Drones photo
SHARE

Researchers at the University of Minnesota today revealed a drone that can be controlled merely by thought, and that’s not even the coolest thing about it. Published in the Journal of Neuro Engineering, the project has implications in everything from unmanned vehicles to paraplegic mobility.

The setup here is pretty basic, futuristic though it seems. The drone is a commercially available four-blade helicopter–the Parrot AR quadrotor–which is basically a drone hobbyist’s Model T. To control it, the “pilot” wears a funny hat, the sensing end of an electroencephalogram (EEG). EEGs place an array of electrodes over a person’s head, in a totally non-invasive way, then pick up on electrical activity in the brain. Clusters of activity, like thinking about making a fist with a right hand, generates a spark in a specific area of the brain. That spark gets translated through a computer into a quadrotor command (“turn right”). The command is then beamed to the quadrotor via WiFi.

Ideally, it works like in the image below:

Drones photo

Thought Drone Controls

Previously, researchers showed that subjects could control a virtual helicopter with their thoughts. The latest demo–using a real, live helicopter–is just another step toward more practical applications, with the ultimate goal being to help people with disabilities and neurdegenerative dieseases regain mobility, says researcher Bin He, a professor of biomedicial engineering at the University of Michigan.

Why demonstrate the system with a drone? “It’s more manageable to test in protocol than it is to do on a patient with a prosthetic arm,” he says. In the published paper, the pilot is illustrated as someone in a wheelchair, sitting in front of a laptop that’s streaming back everything the drone sees. A thought-controlled wheelchair would probably help that person out more, but ground-bounded wheelchairs rarely encounter something both drones and arms deal with every day: precisely navigating three dimensional space. Flying a drone through a hoop turns out to be good practice for maneuvering a hand to a mouth, say, or putting an arm through a sleeve.

The system is relatively easy to use. A series of exercises trained the five students who piloted the drone. The first is a game that looks like pong, where the subject used the EEG controls just to move a dot on a screen right or left. The second controlled up/down motions, a third combined them all in a similar, pong-like interface, and the fourth exercise before actually piloting the drone involved a flight simulation of the drone through hoops above an imaginary town.

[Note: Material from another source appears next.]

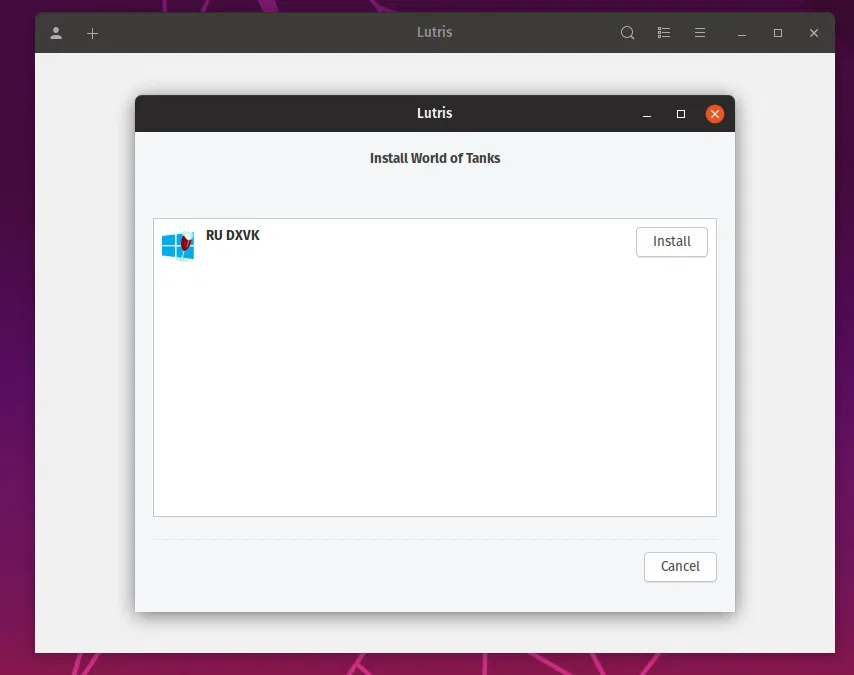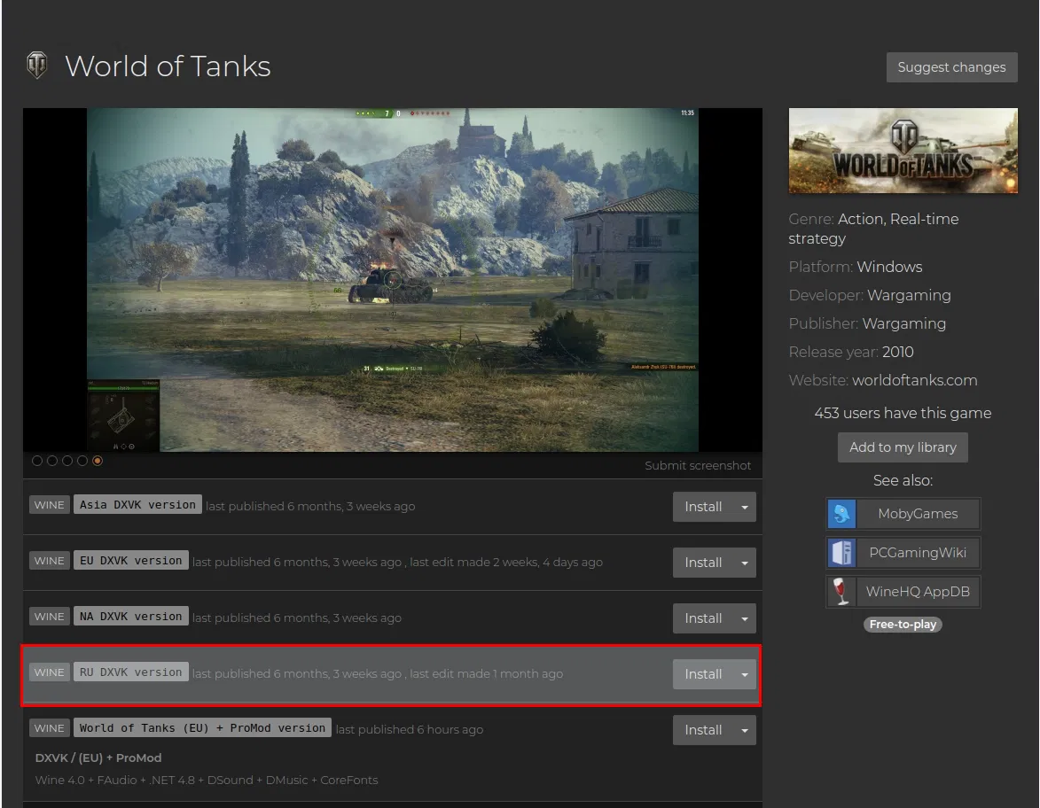 Найдя игру, выбираем (если доступно) редакцию скрипта с нужным нам сервером (например для World of Tanks это будет RU DXVK version). Нажимаем на Install. В качестве примера будет показана установка игры World of Tanks в Ubuntu 19.04.

There’s a funny story about the sixth test pilot. The researchers were asked to put together a video of how the drone worked, and on short notice they couldn’t find one of the original test pilots. Instead, graduate student Brad Edelman had passed the first couple of tests, and he happened to be in the lab at the time, so they sat him down to try out the full thing. As you can see below, he flew it perfectly, suggesting that the technology is intuitive enough for some people to just pick up and use it.